Because most privacy laws contain data minimization principles, regulators are questioning whether companies really need all that data. Especially if the business is using it to train an AI model.
In turn, companies argue that they need that data to train their AI models, which raises a challenge for privacy professionals to help the business understand and determine what data are truly needed.
The risks and challenges of collecting and keeping data
There are inherent risks and challenges in collecting and keeping data:
- Data accuracy and quality: Ensuring the data collected is accurate is challenging at scale. “Garbage in, garbage out.” The accuracy, quality, relevance, and timeliness of data degrade if it is kept for long periods.
- Data volume: Storing large amounts of data can get expensive, and time and resources will need to be spent finding scalable and cost-effective storage solutions.
- Privacy infringement: If the data is not handled properly, it could infringe upon individuals’ privacy rights, especially if it is collected from third-party sources rather than directly from the individuals.
- Security: Storing large amounts of collected data increases a company’s risk in the event of a breach and the associated costs, including fines that may be incurred as a result of the breach.
- Data integration: When receiving data from multiple sources, it is challenging to integrate across systems to get a complete picture of business operations.
These challenges and risks apply to all types of data collection, not just data collected for training AI models. Understanding these challenges will help you and your business make necessary decisions about what data is essential to meet business needs and determine how long you need to keep it.
Hanging on to old, dusty data only increases your data protection risk.
Why less is more in data collection
In terms of data collection, less is actually more. Here are some benefits of collecting only the data necessary for the specified processing purposes:
- Reducing the noise: Collecting less data enables companies to focus on the information that is most relevant to achieving business goals.

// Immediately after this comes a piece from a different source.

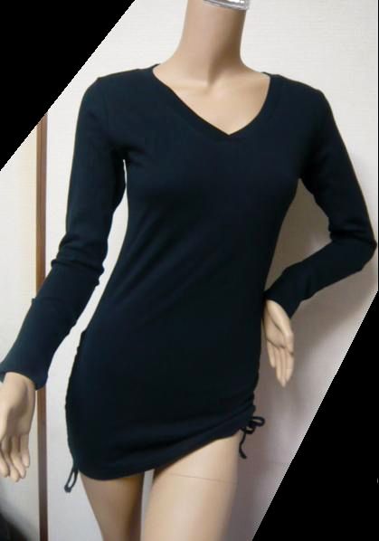 > 匿名配送 送料無料 新品 シンプル シャーリング 長袖 チュニック ワンピース 黒 ブラック レディース M 丈長め ロンT ミニワンピ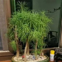泽米苏铁科苏铁属。植物丛生,茎撑球状,叶为中型羽状复叶,簇生于茎顶,小叶为卵状椭圆形。雄雌异株,雄…

Faster and more reliable decision making: Less data can reduce the number of errors and inconsistencies, enabling faster access to information for more efficient decision-making. - Cost reduction: Storage, maintenance, and human resource costs are lower when maintaining less data.
- Security: Having less data reduces breach risk by limiting the number of records that could be affected in the event of a breach.
- Digital carbon footprint reduction: Storing data has an environmental impact. Reducing the amount of data stored helps save energy since the amount of energy needed to process data is reduced.
The benefits of data minimization reduce costs and risks and enable the business to achieve its goals faster and more effectively by making more reliable decisions.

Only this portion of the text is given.